Understanding the relationship between full employment GDP and other macroeconomic aggregates is vital. For example, aggregate demand fluctuations influence real GDP relative to potential GDP, affecting unemployment rates and inflation. During recessionary periods, actual GDP dips below potential GDP, increasing unemployment. During economic booms, actual output may temporarily exceed potential, prompting inflationary concerns.
The significance of full employment GDP extends to fiscal and monetary policy formulation. Policymakers aim to keep actual GDP close to its potential level to maintain low unemployment and stable inflation. When deviations occur, corrective policies—such as adjusting interest rates or government spending—are employed to steer the economy back toward its full employment level.

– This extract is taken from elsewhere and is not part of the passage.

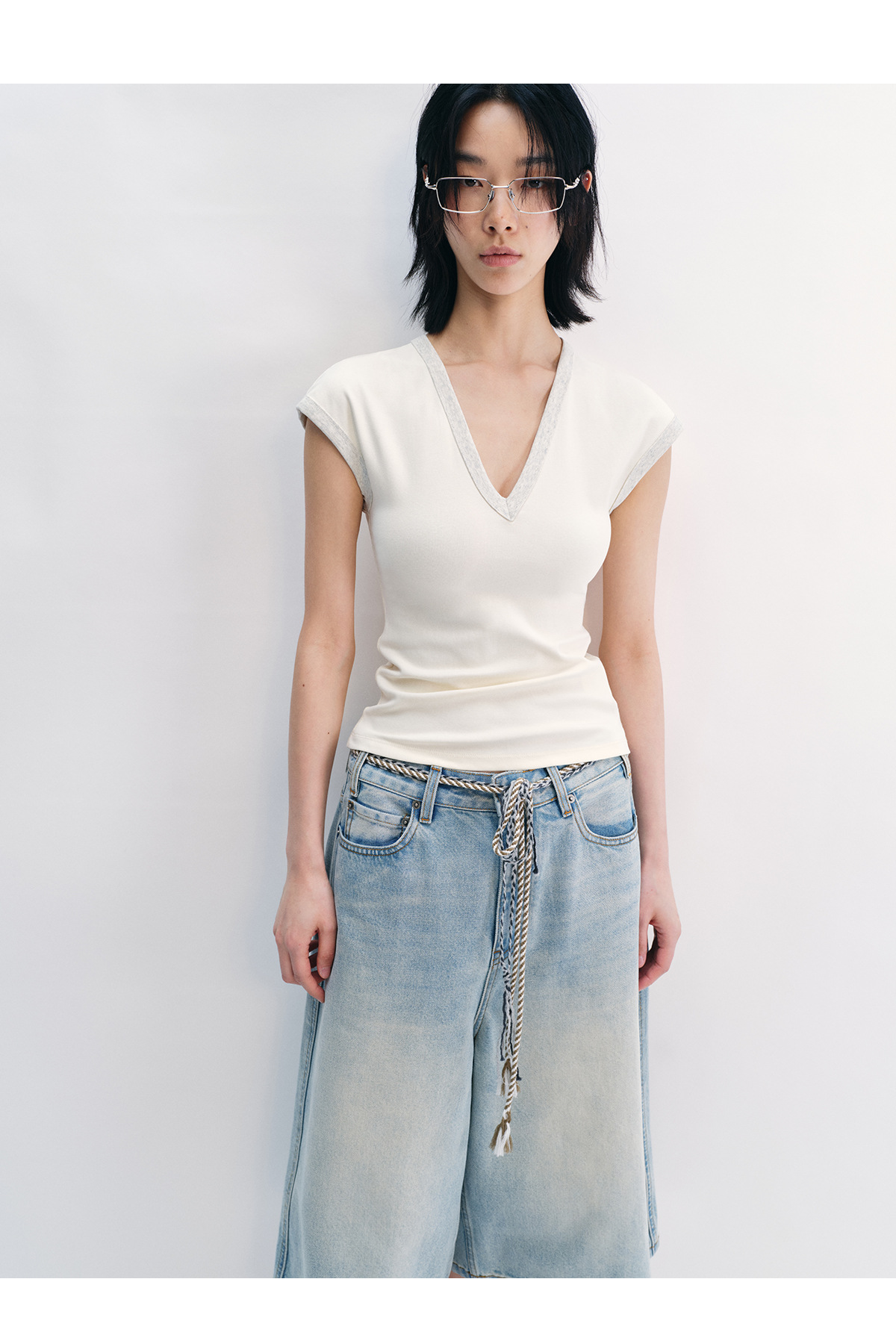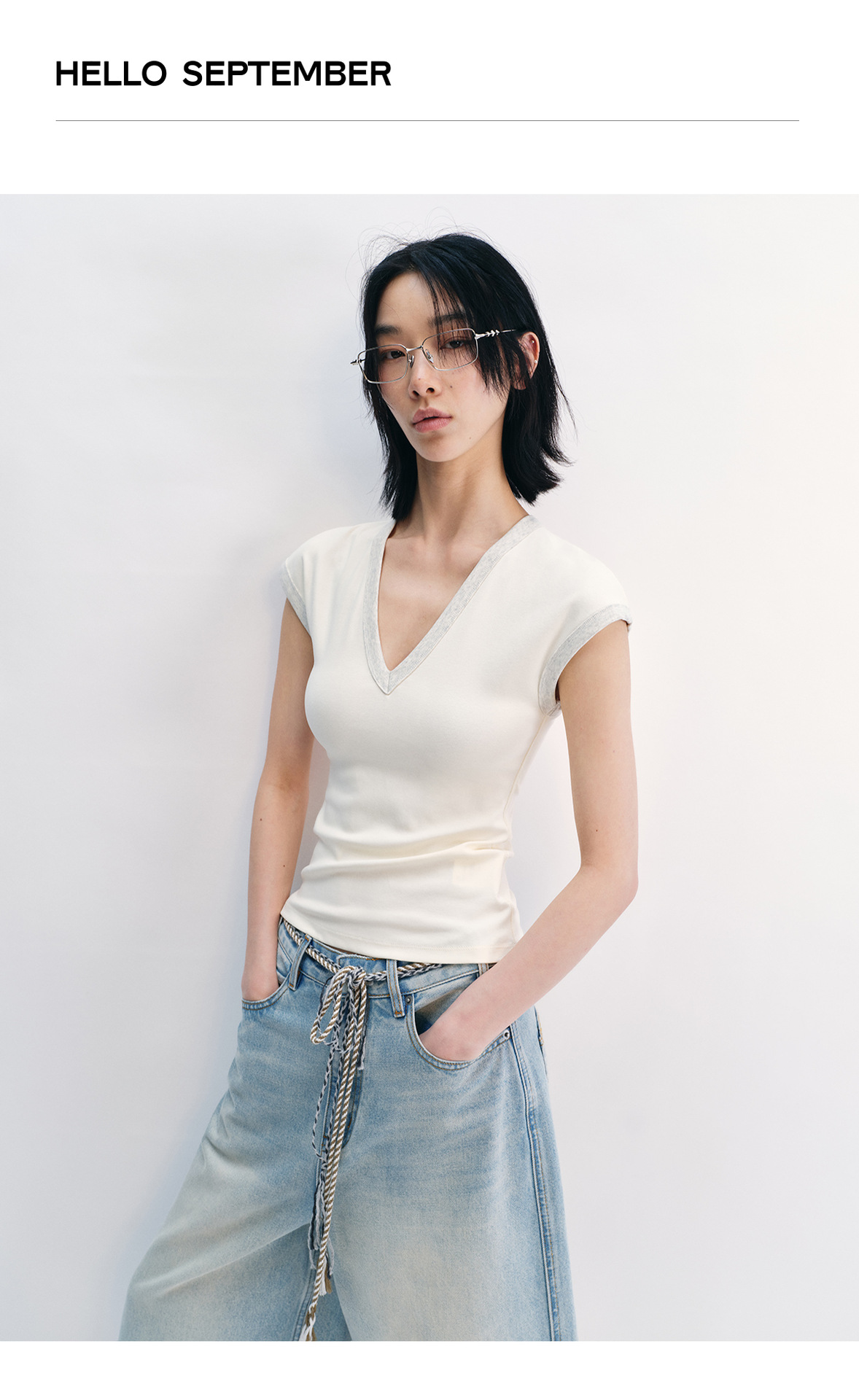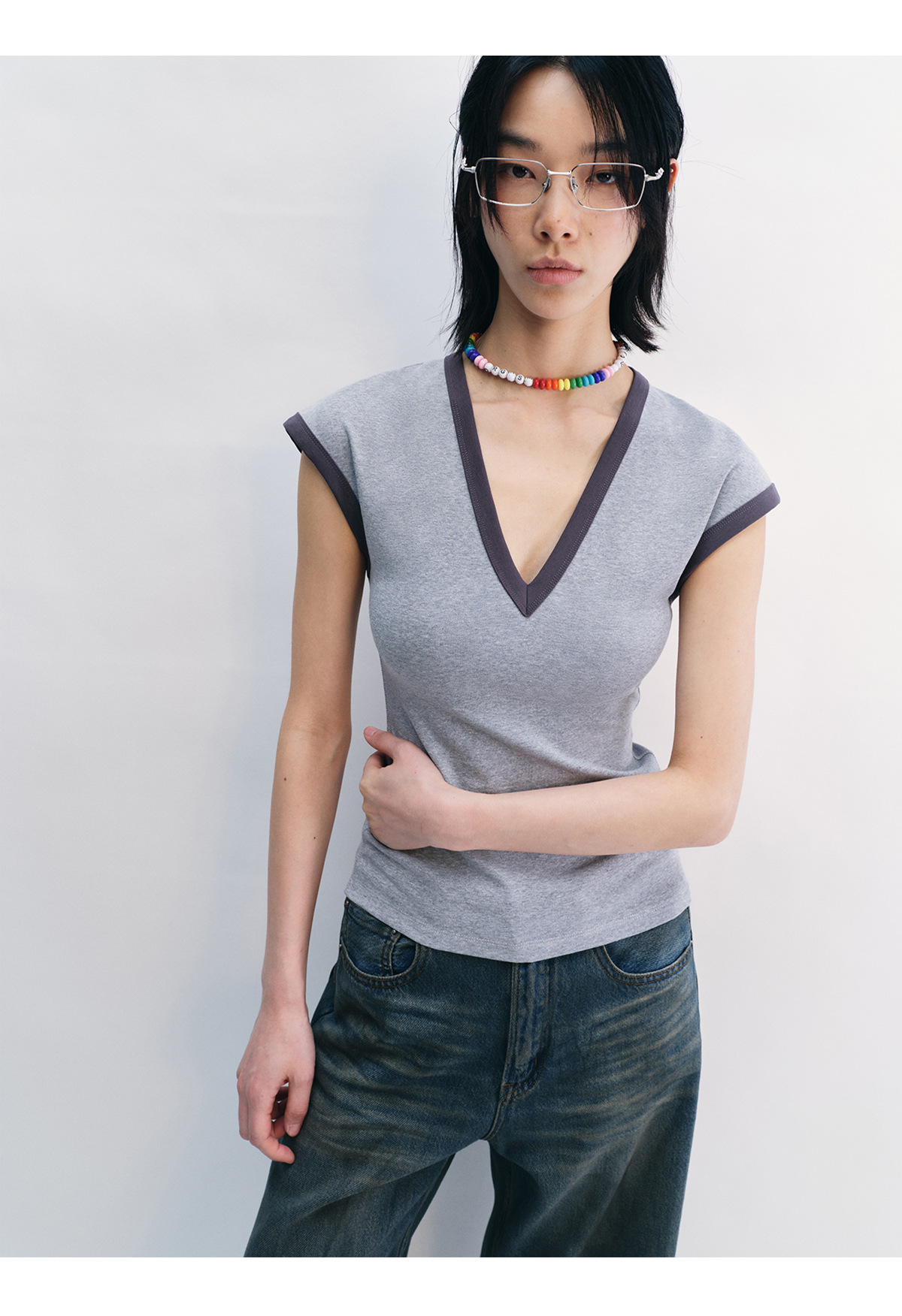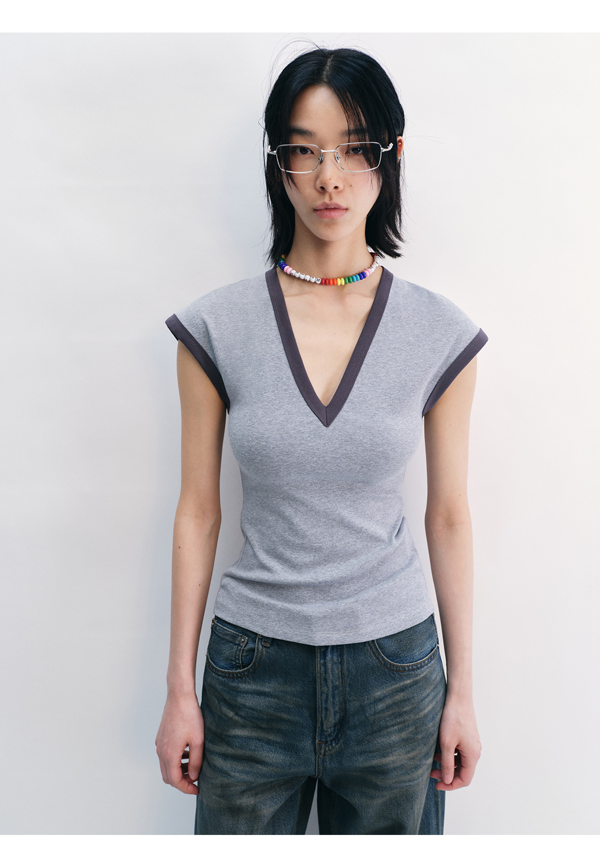[시간] 신형 코튼 레트로 컬러 대조 민소매 V-넥 탄성 슬림 핏 슬림 조커 티셔츠 탑 여성 V8737스토어 가기

In addition, understanding the concept helps in assessing long-term economic growth. As economies develop, potential GDP generally increases due to technological advancements and capital accumulation. Tracking this progression provides insights into sustainable growth paths and the effectiveness of economic policies over time.
In conclusion, full employment GDP, synonymous with potential GDP, reflects the maximum sustainable output level in a healthy economy. Its recognition and measurement are critically important for macroeconomic stability, policymaking, and understanding the economy's long-term growth prospects. Continuous monitoring of this indicator assists in designing policies that promote sustained prosperity, stable inflation, and low unemployment rates.